__PROVIDED DATA__:

..............................

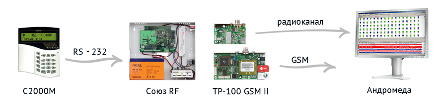 Ключевым устройством интеграции служит преобразователь форматов — Союз RF. Пульт контроля и управления "С2000М" подключается к "Союз RF" через последовательный порт RS-232 и передает ему свои сообщения в цифровом виде. Это позволяет передавать информацию из охранно-пожарной системы объекта в ЦСМ "Андромеда" по радиоканалу и GSM.
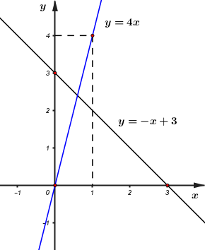 1. Vẽ hai đồ thị hàm số \(y = - x + 3\) và \(y = 4x\)
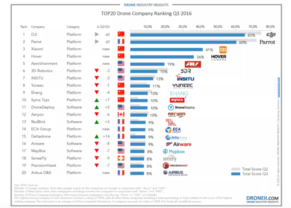 参考:“TOP20 Drone Company Ranking Q3 2016”
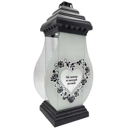 Znicz Szklany Napoleon „Na zawsze w naszych sercach” to poruszający i elegancki lampion nagrobny o wysokości 39,5 cm. Przód znicza zdobi efektowny motyw serca w otoczeniu czarnych róż oraz wzruszający napis, który przypomina o trwałej pamięci o bliskich. Zastosowane lustra na dnie i z tyłu znicza intensyfikują światło płomienia, tworząc nastrojową aurę głębi i refleksji. Znicz wykonany został z wysokiej jakości szkła i tworzywa, co zapewnia mu trwałość i odporność na warunki atmosferyczne.

..............................

__WHAT TO PRODUCE__: Wherever a picture appears in the material above, skip it and copy the rest without change.

__EXPECTED ANSWER__:
 Ключевым устройством интеграции служит преобразователь форматов — Союз RF. Пульт контроля и управления "С2000М" подключается к "Союз RF" через последовательный порт RS-232 и передает ему свои сообщения в цифровом виде. Это позволяет передавать информацию из охранно-пожарной системы объекта в ЦСМ "Андромеда" по радиоканалу и GSM.
 1. Vẽ hai đồ thị hàm số \(y = - x + 3\) và \(y = 4x\)
 参考:“TOP20 Drone Company Ranking Q3 2016”
 Znicz Szklany Napoleon „Na zawsze w naszych sercach” to poruszający i elegancki lampion nagrobny o wysokości 39,5 cm. Przód znicza zdobi efektowny motyw serca w otoczeniu czarnych róż oraz wzruszający napis, który przypomina o trwałej pamięci o bliskich. Zastosowane lustra na dnie i z tyłu znicza intensyfikują światło płomienia, tworząc nastrojową aurę głębi i refleksji. Znicz wykonany został z wysokiej jakości szkła i tworzywa, co zapewnia mu trwałość i odporność na warunki atmosferyczne.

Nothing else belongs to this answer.